South Africa is home to the largest HIV epidemic in the world and accounts for almost one-fourth of all new cases among adolescents (UNICEF, Citation2016a). Further, an estimated 3.3 million children and adolescents in South Africa have lost one or both parents, many to AIDS (UNICEF, Citation2016b), and orphanhood increases HIV risk twofold (Operario, Underhill, Chuong, & Cluver, Citation2011). Programs that effectively mitigate HIV risk among adolescents – especially orphans and others whose vulnerability is greatest – are therefore vital to epidemic control.

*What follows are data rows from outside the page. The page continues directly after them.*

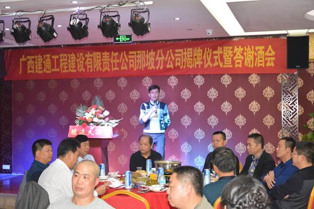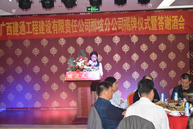 在慶典晚宴上,首先由廣西建通工程建設(shè)有限責(zé)任公司那坡分公司總經(jīng)理王曉玲發(fā)表致辭,她說(shuō):“德建志遠(yuǎn),業(yè)通人和”是我們集團(tuán)最新提出的發(fā)展口號(hào),廣西建通投資集團(tuán)是一個(gè)朝氣蓬勃,充滿(mǎn)活力,富有想象力和創(chuàng)造力的企業(yè),集團(tuán)培養(yǎng)了我們誠(chéng)信的為人之道,求實(shí)的工作作風(fēng)。分公司將致力加強(qiáng)對(duì)員工道德品質(zhì)的培養(yǎng),加強(qiáng)對(duì)員工專(zhuān)業(yè)能力、服務(wù)質(zhì)量的把控,發(fā)揚(yáng)團(tuán)隊(duì)精神,為集團(tuán)品牌建設(shè)及戰(zhàn)略發(fā)展目標(biāo)添磚加瓦。一如既往秉承“以質(zhì)量求信譽(yù),以信譽(yù)求發(fā)展”的理念,為投資者和項(xiàng)目業(yè)主提供專(zhuān)業(yè)化、高水準(zhǔn)、全方位的服務(wù),以專(zhuān)業(yè)化的管理做強(qiáng)分公司、做大建通品牌為已任,抓住機(jī)遇!共同努力在建通平臺(tái)上實(shí)現(xiàn)更高的人生價(jià)值,我公司熱忱地期望能與社會(huì)各界新老朋友精誠(chéng)合作、攜手共進(jìn),創(chuàng)造更加輝煌的未來(lái)。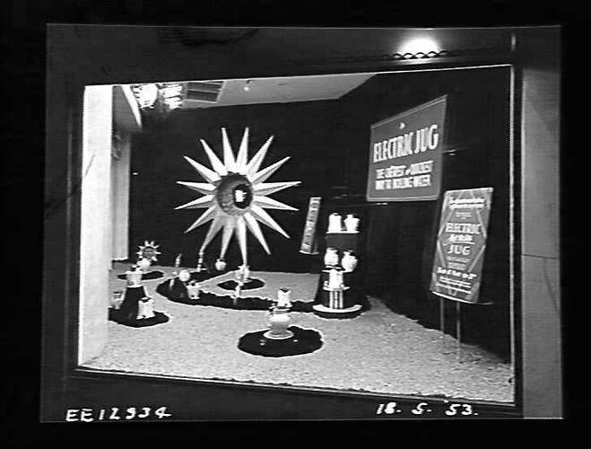 Display window, Flinders Street -'An electric jug - the cheapest and quickest way to boil water'.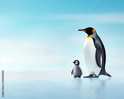 Fototapeta premium Majestic Emperor Penguin with Adorable Chick on Icy Background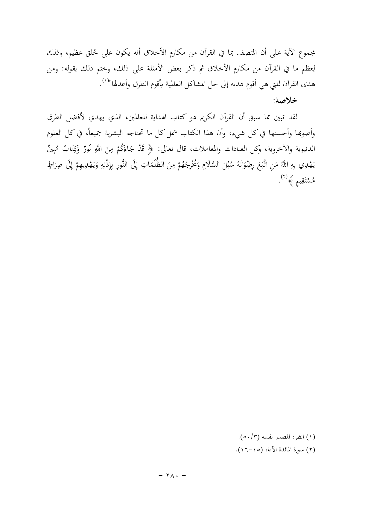 لقد تبين مما سبق أن القرآن الكريم هو كتاب الهداية للعالمين, الذي يهدي لأفضل الطرق وأصوبها وأحسنها في كل شيء, وأن هذا الكتاب شمل كل ما تحتاجه البشرية جميعاً, في كل العلوم الدنيوية والآخروية, وكل العبادات والمعاملات, قال تعالى: {قَدْ جَاءَكُمْ مِنَ اللَّهِ نُورٌ وَكِتَابٌ مُبِينٌ يَهْدِي بِهِ اللَّهُ مَنِ اتَّبَعَ رِضْوَانَهُ سُبُلَ السَّلَامِ وَيُخْرِجُهُمْ مِنَ الظُّلُمَاتِ إِلَى النُّورِ بِإِذْنِهِ وَيَهْدِيهِمْ إِلَى صِرَاطٍ مُسْتَقِيمٍ} (¬2).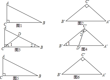 5.如图1和图2,在△ABC和△A′B′C′,其中∠C=∠C′=90°,且两个三角形不相似.问:能否分别用一条直线分割这两个三角形,使△ABC所分割成的两个三角形与△A′B′C′所分割成的两个三角形分别对应相似?如果能,请设计出分割方案;如果不能,请说明理由.
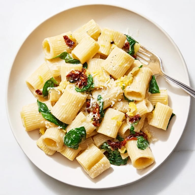 Pin this A luscious, protein-rich pasta dish featuring creamy cottage cheese, tangy sun-dried tomatoes, and tender spinach, tossed with al dente pasta for a satisfying and nourishing meal.
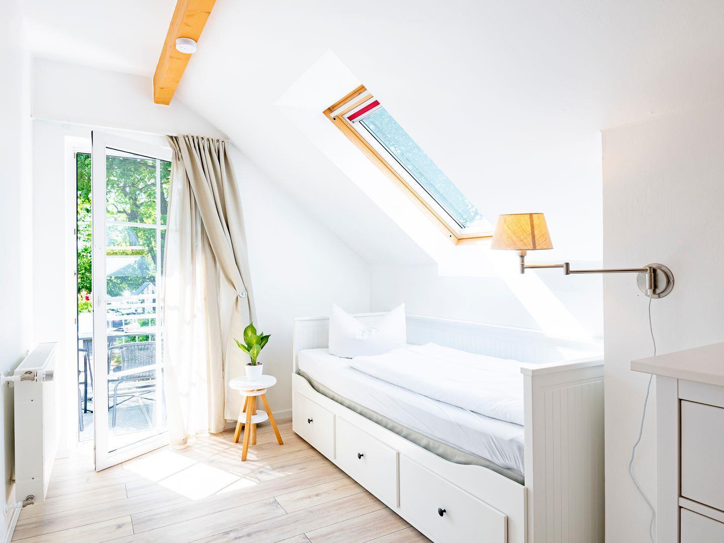 Die ansprechende 4-Zimmer-Ferienwohnung "Freude" befindet sich auf der ersten Etage und bietet einen eigenen, separaten Eingang über eine Treppe. Mit einer großzügigen Wohnfläche von ca. 60 m² und drei separaten Schlafzimmern ist diese Unterkunft für bis zu 6 Personen geeignet.
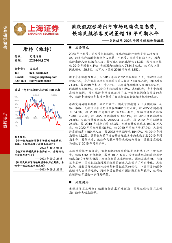 【上海证券】【20231008】交运板块2023年国庆假期数据跟踪-国庆假期旅游出行市场延续恢复态势-铁路民航旅客发送量超19年同期水平-6页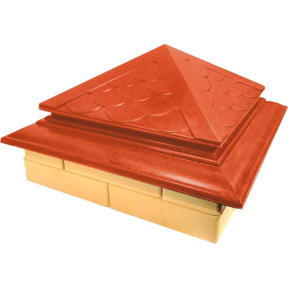 Колпак на столб забора ООО ТК "Титан" Тетто Элит Чешуя (513x513 мм; кирпич) 565621ЧКЭ 2х2 кирпича е только придаст столбам Вашего забора эстетичный и гармоничный вид, но и защитит основной материал столба от разрушающего воздействия окружающей среды. Классическая форма, уникальный рисунок и большой выбор цветов идеально подойдут к любому забору, а капельник не даст воде попадать на столбы. С колпаками Tetto Ваш забор будет защищен на долгие годы.
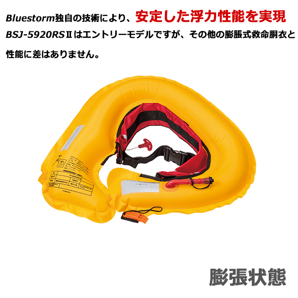 BSJ-5920RS2はエントリーモデル・ウエストタイプの膨脹式ライフジャケットです。Bluestormウエストシリーズの中でも最も細い形状です。体に触れる面積を減らした事により、夏は涼しく長時間の着用を容易にします。また、ロッドワークも快適で長時間のアクションも続けることができます。国土交通省型式承認Type Aを取得しています。 SIZE:胴囲70~100cm 生地:ポリエステル420D 重量:約430g 浮力:初期浮力 約9kg ※掲載している商品の画像は代表画像を表示しています。また実物と色が違って見える場合があります。あらかじめご了承下さい。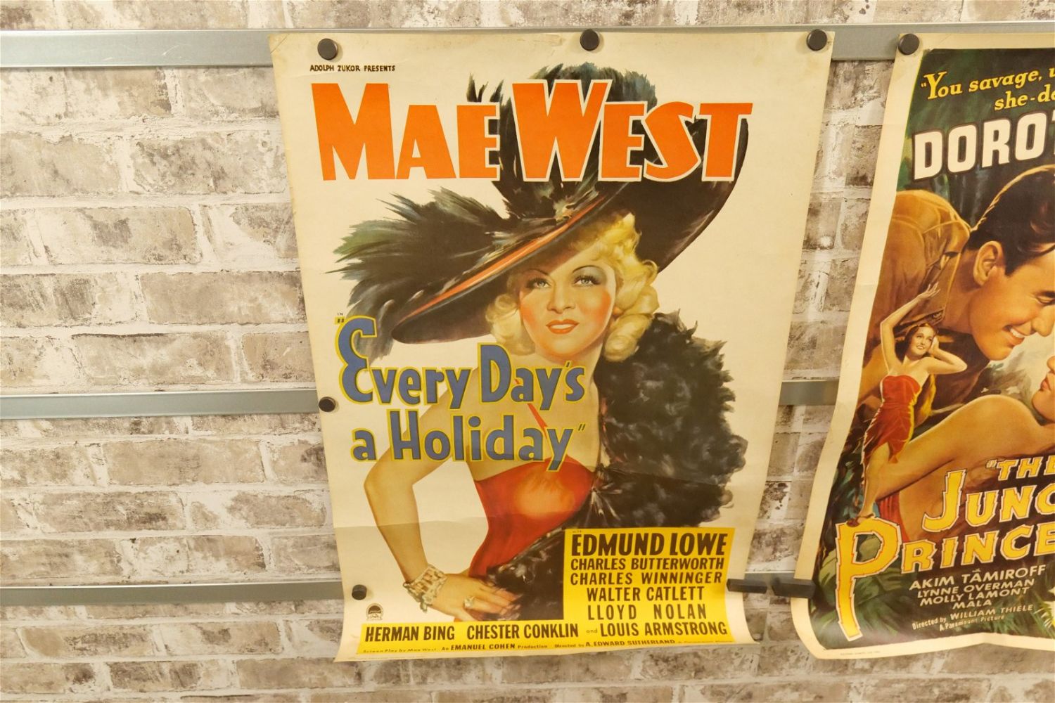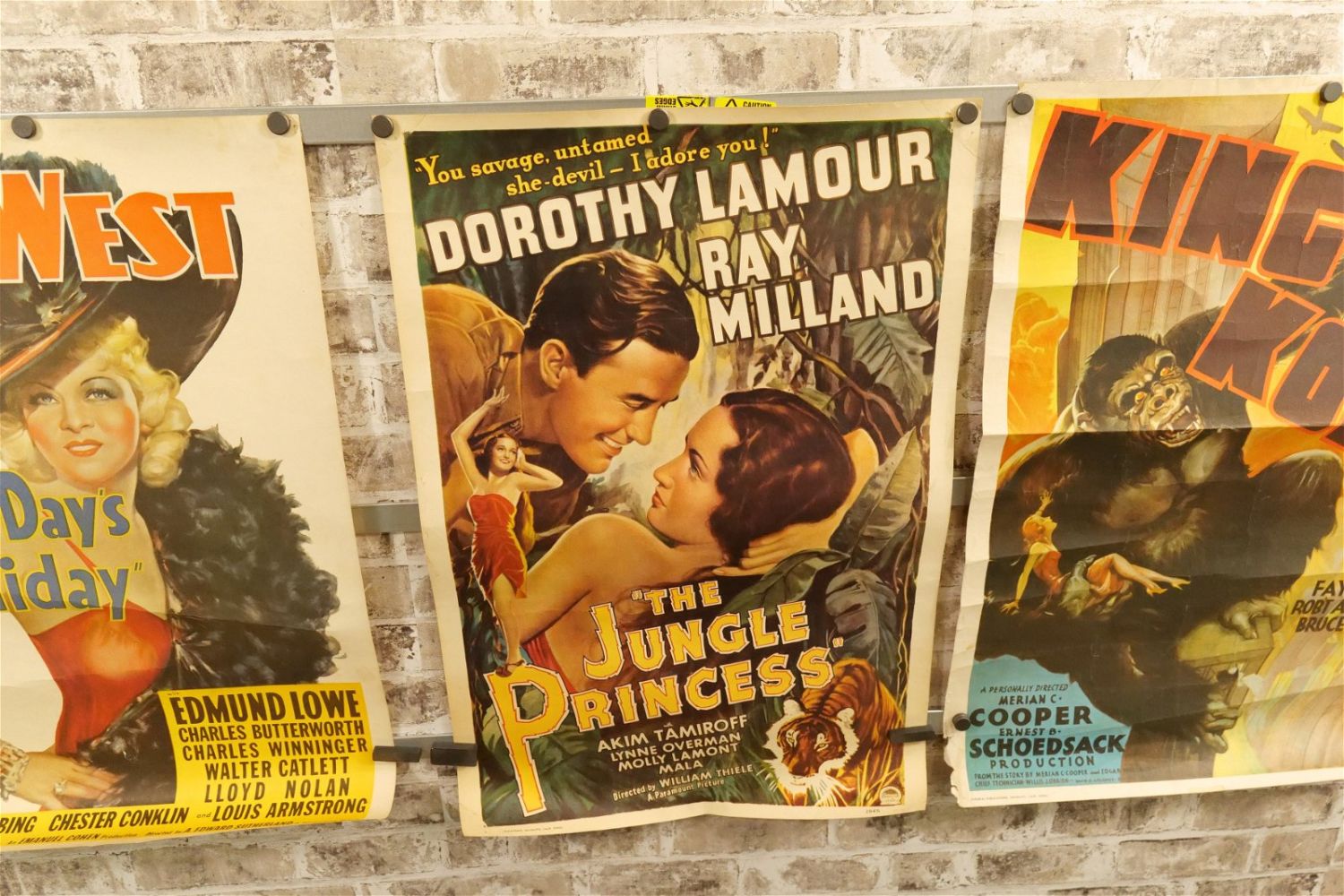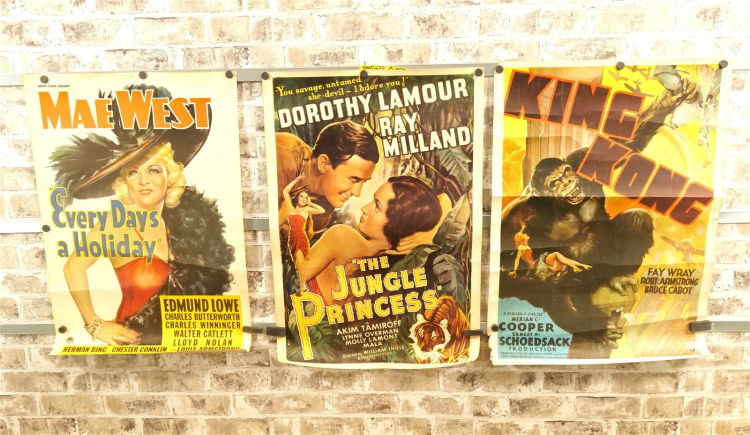 Lot of 3 Portal Publications Reprint Window/Lobby Cards. Including Every Days a Holiday 1938 The Malcom Willis Collection Starring Mae West. Second – The Jungle Princess 1945 Starring Dorothy Lamour and King Kong 1933 Starring Fay Wray. Largest measures 20.5" wide x 28.5" long. All have minor tearing and creasing unless noted in good condition. All invoices must be paid within 24 hours of the sale. We offer multiple shipping options please read the shipping terms for your options. We also offer Pick-Ups Thursday, Friday, Saturday, and Monday immediately following the sale. BY APPOINTMENT ONLY.

While research from South Africa and elsewhere supports the importance of HIV knowledge and related skills for predicting safer sex intentions and behaviors (Bryan, Kagee, & Broaddus, Citation2006; Eggers, Aarø, Bos, Mathews, & de Vries, Citation2014; Walsh, Senn, Scott-Sheldon, Vanable, & Carey, Citation2011), behavioral prevention programs for youth have demonstrated limited potential in South Africa (Harrison, Newell, Imrie, & Hoddinott, Citation2010; Michielsen et al., Citation2010; Scott-Sheldon, Walstrom, Harrison, Kalichman, & Carey, Citation2014). Interventions that address a broader array of intermediate factors, such as mental health and family dynamics, may increase program effectiveness (Coates, Richter, & Caceres, Citation2008; DiClemente et al., Citation2008; Nduna, Jewkes, Dunkle, Shai, & Colman, Citation2010; Perrino, González-Soldevilla, Pantin, & Szapocznik, Citation2000). Addressing these factors among orphans and HIV-affected children is particularly important given their elevated levels of psychological distress and family dysfunction (Chi & Li, Citation2013; Cluver & Gardner, Citation2007; Cluver, Orkin, Gardner, & Boyes, Citation2012; Thurman, Kidman, Nice, & Ikamari, Citation2015).

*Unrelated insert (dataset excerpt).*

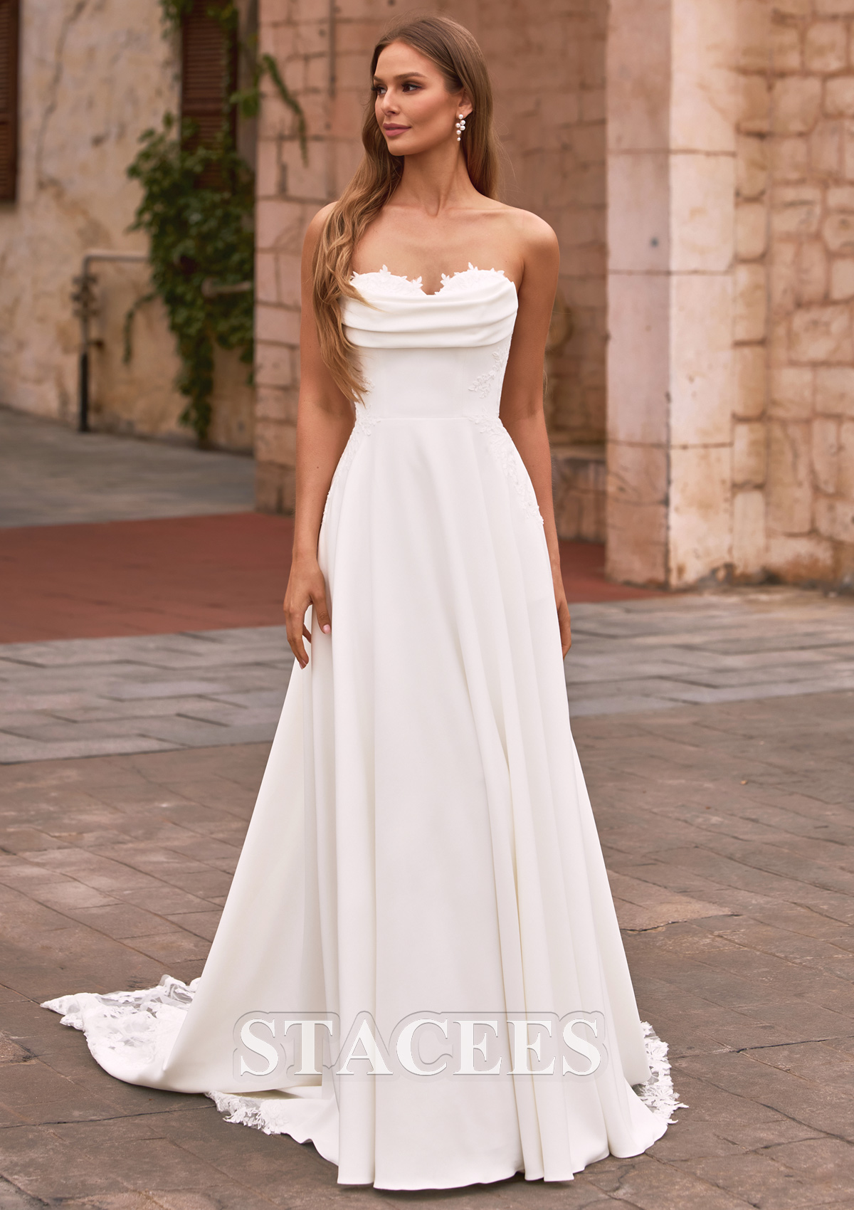 This strapless A-line wedding gown blends minimalist modern lines with romantic lace details. The softly sweetheart neckline frames the collarbone while the fitted bodice flows into a full crepe skirt for effortless movement. Subtle lace appliqué at the waist and a sheer, lace-trimmed chapel train add feminine texture and photo-ready drama. One of the most practical and stylish details of this gown is the hidden side pockets, perfect for keeping small essentials close during weddings. The back features a clean zipper closure for a seamless and secure fit. The dress finishes with a graceful sweep train adorned with lace accents, creating a soft and romantic statement as you walk. This dress combines modern functionality with classic formal elegance, making it ideal for a variety of special occasions.

Growing evidence links poor mental health to HIV risk behaviors among young people in Sub-Saharan Africa, including higher numbers of sexual partners, inconsistent or low rates of condom use, transactional sex, and age-disparate sexual relationships (Agardh, Cantor-Graae, & Östergren, Citation2012; Nduna et al., Citation2010; Smit et al., Citation2006). Caregiver mental health problems have also been associated with increased sexual risk behavior among adolescents in the US (Mellins et al., Citation2009). These findings highlight the potential of HIV prevention interventions that provide psychological support to both adolescents and their caregivers.

Engaging caregivers as co-participants also affords the opportunity to optimize other protective factors, including the quality of the caregiver-adolescent relationship and sexual health communication. A systematic review from the US concluded that parent-child connectedness, including communication about sexuality, predicts adolescent sexual and reproductive health outcomes (Markham et al., Citation2010). Similarly, research from sub-Saharan Africa suggests that the quality of the parent-adolescent relationship and parent-adolescent communication about sex are associated with lower sexual risk behavior among adolescents (Namisi et al., Citation2013; Peltzer, Citation2010; Visser, Citation2017). Longitudinal data from the US also found that higher quality parent-child relationships predict young peoples’ greater use of personal prevention strategies and lower risk of sexually transmitted infections (Deptula, Henry, & Schoeny, Citation2010). Evidence from sub-Saharan Africa indicates that it is possible to foster improved adolescent-caregiver sexual health communication (Bogart et al., Citation2013; Phetla et al., Citation2008; Puffer et al., Citation2016; Vandenhoudt et al., Citation2010) and connectedness (Betancourt et al., Citation2014). However, little is known about the effectiveness of family-centered interventions for adolescent HIV prevention in sub-Saharan Africa (Harrison et al., Citation2010; Kuo et al., Citation2016).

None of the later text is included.